● **Problem statement**:
Below are records with pictures. Reproduce exactly the lines from the line with "CHANEL Executive Cerf" to the line with "We discuss the", inclusive, and leave each picture out.

● **Data for review**:
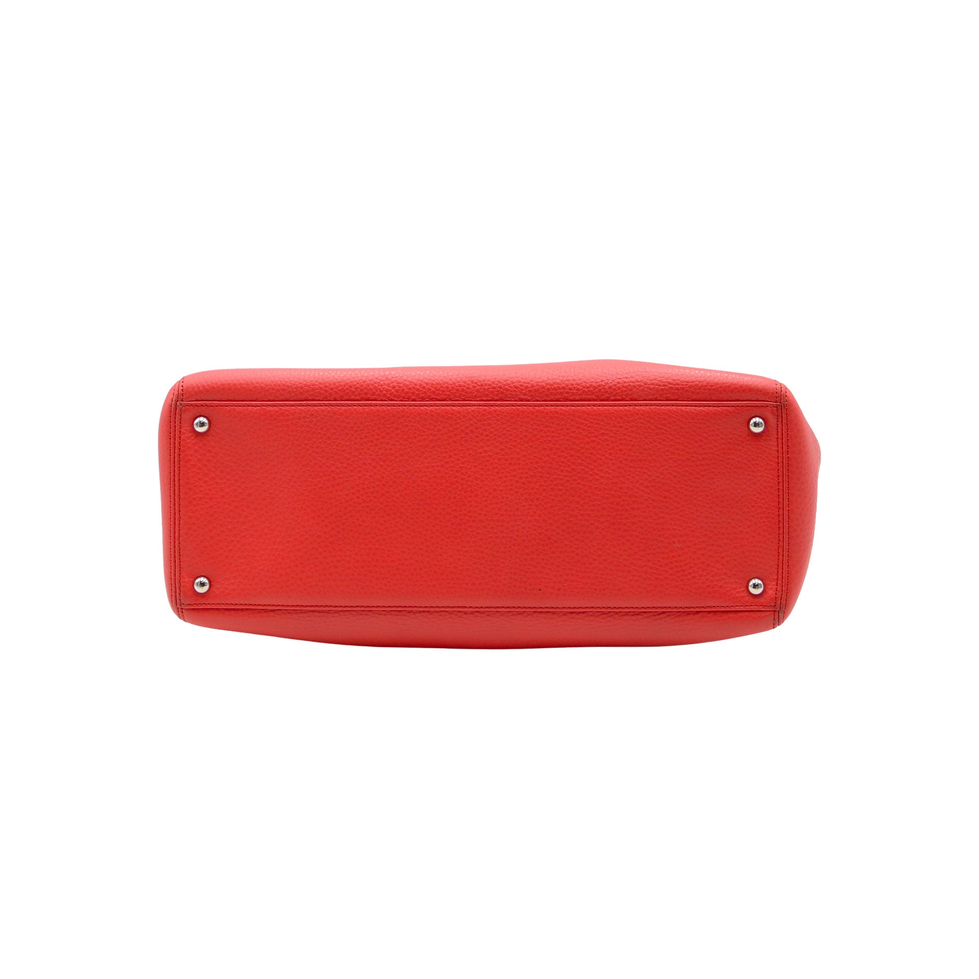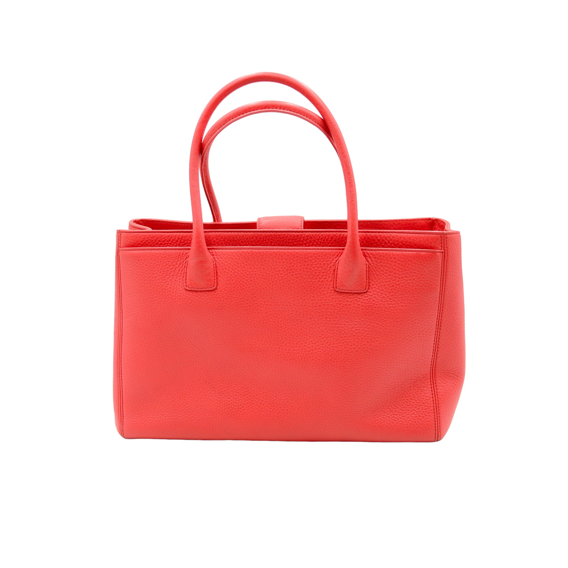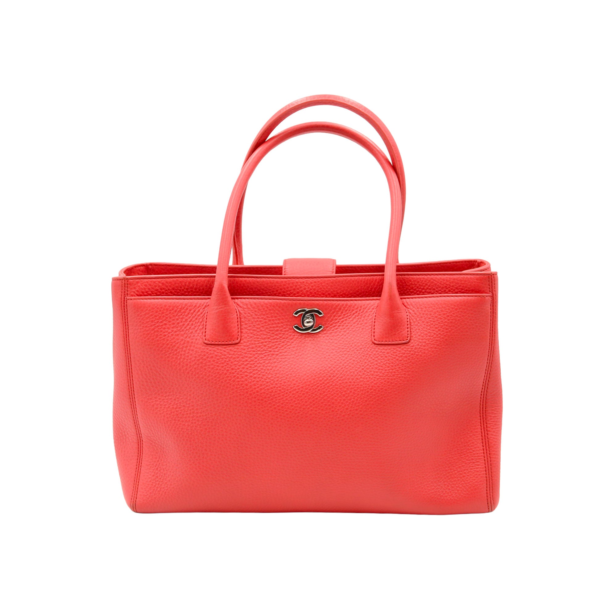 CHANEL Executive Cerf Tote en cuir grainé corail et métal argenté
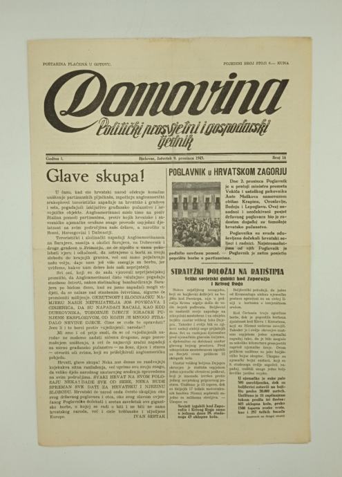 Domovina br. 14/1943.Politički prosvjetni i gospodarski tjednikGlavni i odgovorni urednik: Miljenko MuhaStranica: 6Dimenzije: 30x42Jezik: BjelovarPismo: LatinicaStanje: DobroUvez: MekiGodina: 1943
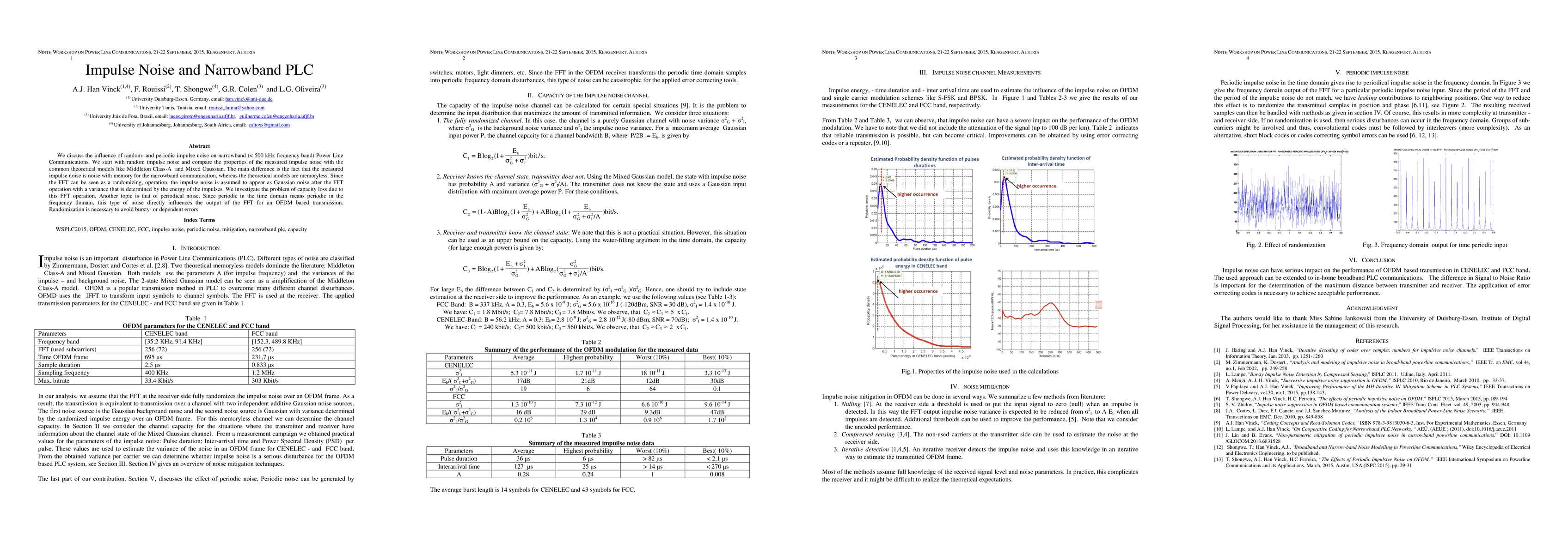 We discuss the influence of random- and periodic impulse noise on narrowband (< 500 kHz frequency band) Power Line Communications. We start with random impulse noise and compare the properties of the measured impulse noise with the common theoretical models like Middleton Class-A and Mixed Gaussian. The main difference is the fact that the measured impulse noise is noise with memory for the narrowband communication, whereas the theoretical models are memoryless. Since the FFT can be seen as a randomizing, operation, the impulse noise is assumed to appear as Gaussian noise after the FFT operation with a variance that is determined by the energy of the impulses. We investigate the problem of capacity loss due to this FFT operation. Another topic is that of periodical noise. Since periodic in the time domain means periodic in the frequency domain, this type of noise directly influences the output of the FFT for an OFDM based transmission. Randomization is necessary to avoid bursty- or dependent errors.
---
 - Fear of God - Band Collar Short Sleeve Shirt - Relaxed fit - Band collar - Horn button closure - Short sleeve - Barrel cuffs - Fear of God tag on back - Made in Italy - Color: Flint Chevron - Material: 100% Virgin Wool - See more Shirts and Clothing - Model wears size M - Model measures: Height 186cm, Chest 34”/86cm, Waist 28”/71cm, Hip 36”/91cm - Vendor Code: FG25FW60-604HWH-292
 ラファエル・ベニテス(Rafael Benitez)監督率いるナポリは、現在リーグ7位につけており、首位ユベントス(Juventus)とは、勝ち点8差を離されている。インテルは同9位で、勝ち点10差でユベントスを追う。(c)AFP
--
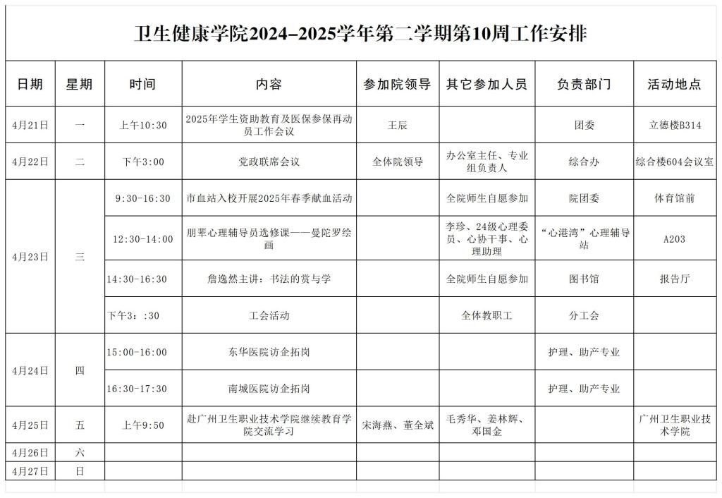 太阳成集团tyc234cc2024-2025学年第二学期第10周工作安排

● **Task output**:
 CHANEL Executive Cerf Tote en cuir grainé corail et métal argenté
 Domovina br. 14/1943.Politički prosvjetni i gospodarski tjednikGlavni i odgovorni urednik: Miljenko MuhaStranica: 6Dimenzije: 30x42Jezik: BjelovarPismo: LatinicaStanje: DobroUvez: MekiGodina: 1943
 We discuss the influence of random- and periodic impulse noise on narrowband (< 500 kHz frequency band) Power Line Communications. We start with random impulse noise and compare the properties of the measured impulse noise with the common theoretical models like Middleton Class-A and Mixed Gaussian. The main difference is the fact that the measured impulse noise is noise with memory for the narrowband communication, whereas the theoretical models are memoryless. Since the FFT can be seen as a randomizing, operation, the impulse noise is assumed to appear as Gaussian noise after the FFT operation with a variance that is determined by the energy of the impulses. We investigate the problem of capacity loss due to this FFT operation. Another topic is that of periodical noise. Since periodic in the time domain means periodic in the frequency domain, this type of noise directly influences the output of the FFT for an OFDM based transmission. Randomization is necessary to avoid bursty- or dependent errors.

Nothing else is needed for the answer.